Personally, I'd love to see him find some form and prove people wrong, but I don't know if he has the heart to do it


----------



## Nikos (Jun 5, 2002)

I miss the Old Penny myself. He was my favorite player at the time even though I was a Knicks fan...I still loved Penny. He was like the second coming Magic Johnson, mixed in with Jordan like capabilities at the same time. Penny could make the spectacular pass (like Magic), and he could jump out of the damn gym. His hops were insane. Also he had probably the best post up game of any guard in the league by his second season.

Man I wish he wasnt so injury prone or he might be the best player in the league right now....or an All NBAer.

Right now I think he has the ability to put up 15ppg 5rpg 5apg for any other team but the Suns that really wants to utilize him. Penny seems like a rthym type of player, and if he feels comfortable on a team that has winning capabilites, like maybe Toronto, I think he would flourish somewhat. Not like Old Penny but be a 16-5-5 type of guy.

It still makes me sad to think of what Penny could have been, or even what he was in his 2nd and 3rd NBA season.  

Come back Penny....atleast 70% of you :sigh:


----------



## TheRifleman (May 20, 2002)

A 70% Penny could help another team, as I think his days at Phoenix are numbered. He could help another team, especially one that has a leader already, as Penny would make life easier for that leader. I still think he would be a help to Vince on the Raptors team. 

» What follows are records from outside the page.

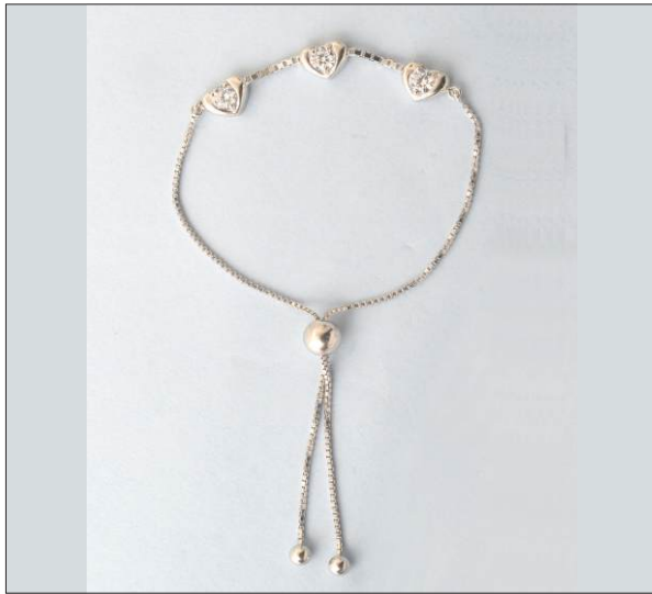
JB108356A18RH WT: 0.42/4.48 gm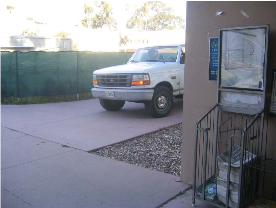
Early morning on April 1, 2005, looking northwest from the Engineering I Building. The truck is used to distribute Daily Nexus and appears in the following photo as well (real photo, not an April fool).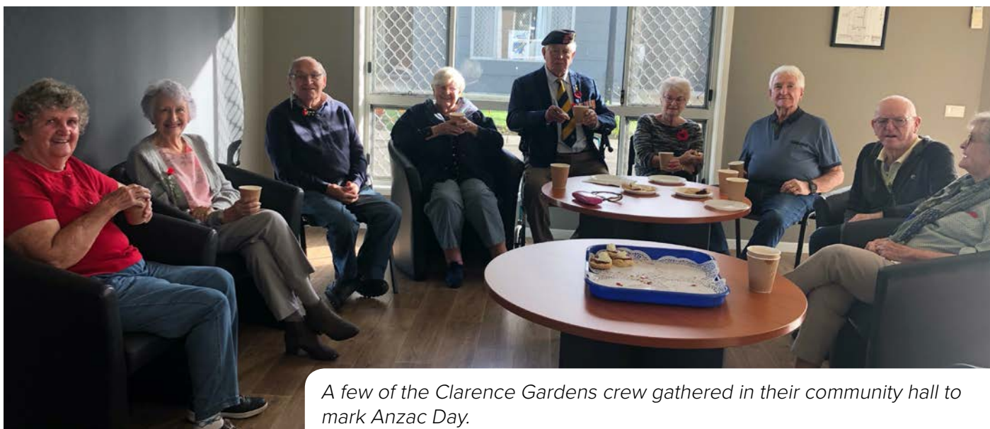
A few of the Clarence Gardens crew gathered in their community hall to mark Anzac Day.

Maybe the Raptors will get rid of Mo and take penny. Of course, the "money" thing would have to be worked out and that is a huge drawback that penny should think over carefully, if he wants to leave the NBA with any kind of meaningful career.


----------



## Shaqs big toe (May 21, 2002)

> Originally posted by *TheRifleman *
> A 70% Penny could help another team, as I think his days at Phoenix are numbered. He could help another team, especially one that has a leader already, as Penny would make life easier for that leader. I still think he would be a help to Vince on the Raptors team.
> 
> Maybe the Raptors will get rid of Mo and take penny. Of course, the "money" thing would have to be worked out and that is a huge drawback that penny should think over carefully, if he wants to leave the NBA with any kind of meaningful career.


If healthy, Penny would be a perfect compliment to Vince Carer, someone that could even shoulder the load when he has to. I'd love to see Penny recapture some form and turn some heads once more.

He has the ability, but his body has to cooperate


----------



## TheMatrix31 (May 28, 2002)

If penny still can play the 3 the lakers could use him maybe ship walker and other stuff for him..


----------



## John (Jun 9, 2002)

Testing, Testing. Hi guys, I understand I will be traded very soon, but at least I give you 22/6/5 during the playoffs in 2000 and gave a tremendous impact for the team for that year as well.


----------



## Ron (May 8, 2002)

Welcome, Penny! And thanks for trying out our budding site, you won't find any ads over here...you might remember me from our FanHome days!


----------



## John (Jun 9, 2002)

Yes yes.. I thought you were that "RON" in LA forum, but what happened with you? Anyway? I am looking to be more a serious man here.. So for those who know who I am, please don't spread my bad image from another website. Thanks alot.


----------



## Ron (May 8, 2002)

Let's just say I had a falling out over there...BTW, I asked for you to be invited over here, because you are a legend...A LEGEND! Thanks for making it over here!

Everyone thinks pretty highly of you over there, Penny...from what I can tell.


----------



## John (Jun 9, 2002)

Thanks, I saw a rummor saying that Penny is involved in a 3 way trade. Let's hope it is true so that Penny can start a new life on a new team.


----------



## Ron (May 8, 2002)

Really? Is there a source? If so, post it up on the new Trades and Rumors board I just put up today, that would be a good one to get that board going!


----------